Stickball is a game that resembles the modern game of lacrosse but with a few fundamental differences. In the center of a large field is a tall pole with a wooden fish attached to the top. The object of the game is to hit the fish with a small ball made of deer hair and hide. Although women are allowed to use their hands to obtain and throw the ball, men must use sticks shaped like miniature tennis rackets.

The game of chunkey is played with a disk made of fine-grained stone approximately six inches in diameter. Hours are spent shaping and polishing the chunkey ball stones used for this game. Two players carry poles approximately eight feet long. As the stone is rolled across a smooth surface, the two competitors run and throw their poles where they think the ball will stop. The person whose pole lands closest to where the ball stops gains points.

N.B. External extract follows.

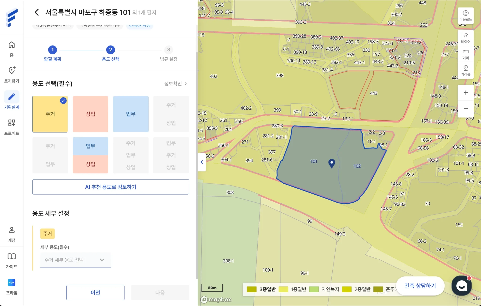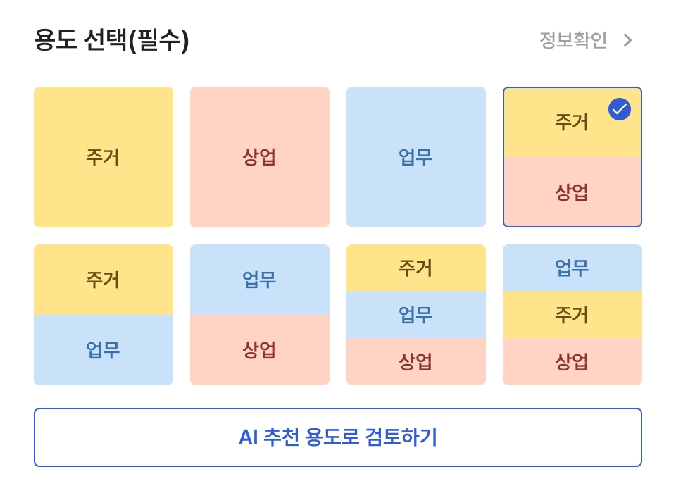 AI 추천 용도로 검토하기: 플렉시티가 추천하는 해당 토지의 최적 용도를 적용하려면 이 버튼을 클릭해 주세요.

The Cherokee marble game dates back to 800 A.D. The marbles are traditionally made of stone about the size of a billiard ball. The game is played on a field 100 feet long containing five holes approximately 10 yards apart forming an L shape. The object of the game is to toss the marbles in the holes advancing in sequence to the last hole and returning to the start. Team members may knock the opposite teams’ marbles out of the holes while trying not to move theirs too far away.

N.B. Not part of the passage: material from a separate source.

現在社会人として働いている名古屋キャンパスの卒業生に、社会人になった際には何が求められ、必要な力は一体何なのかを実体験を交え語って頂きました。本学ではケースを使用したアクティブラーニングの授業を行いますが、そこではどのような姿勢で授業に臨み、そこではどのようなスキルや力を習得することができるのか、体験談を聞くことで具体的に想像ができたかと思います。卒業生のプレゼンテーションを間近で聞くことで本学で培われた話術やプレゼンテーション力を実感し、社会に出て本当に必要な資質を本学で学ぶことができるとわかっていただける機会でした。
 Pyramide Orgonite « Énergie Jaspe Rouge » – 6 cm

The cornstalk shoot goes back to the times when Cherokee hunters and warriors would compete for accuracy with their bow and arrow. To keep the tips of the arrows from breaking, participants shot through a large bank of dried cornstalks. Today the game is played in much the same way. A one-foot thick wall is created using approximately 200 cornstalks, three feet long, laid on their side. Two of these cornstalk targets are placed 80 to 100 yards apart. Participants must stand in front of a target and take one shot at the other target with their handmade bow. One point is scored for each cornstalk that the arrow penetrates.

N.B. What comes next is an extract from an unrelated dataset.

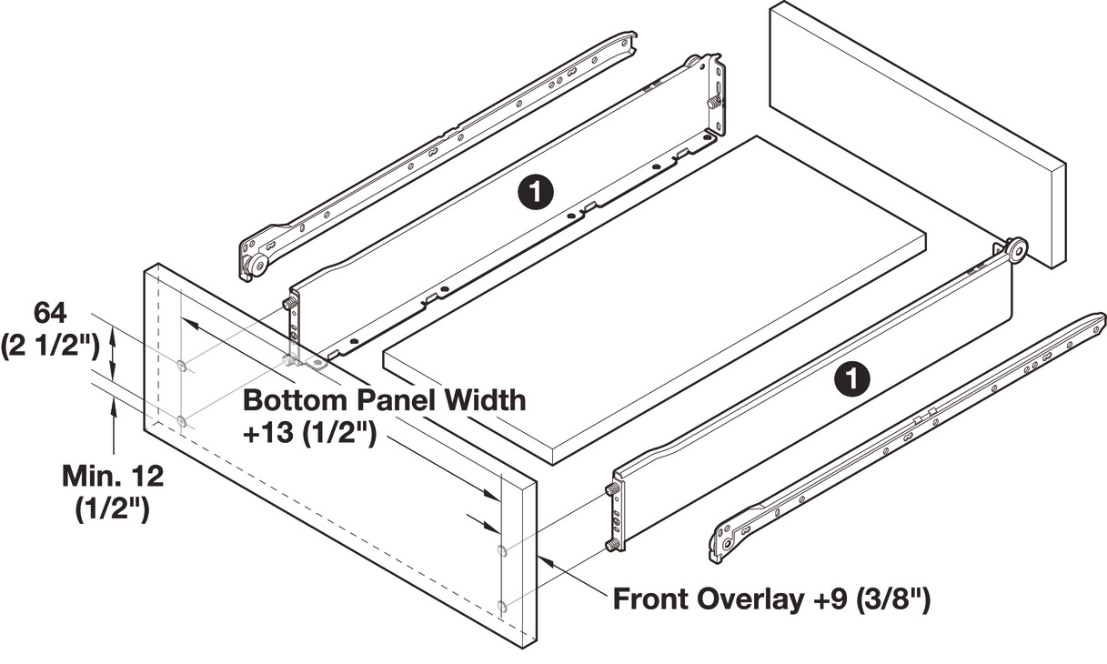 - For min. panel thickness : Back: 5/8"; Bottom: 1/2"

Blowguns are usually made from rivercane, similar to bamboo, collected in early spring. A long, hot rod is inserted in the tip of the rivercane to remove the membrane and hollow the cane. Darts for this six to eight-feet long gun are typically made of Bois d’arc and thistle. Traditionally, the blowguns were used for hunting small game. Although blowguns are still used for hunting, they are primarily reserved for demonstration and competitions. Competitors shoot at a target approximately 20 yards away. Points are determined by the various values of the rings around the bull’s eye. Spectators and players are both welcomed to attend. Thanks to a sponsorship by the Gannett Foundation, cash prizes will be awarded to the winners in each competition.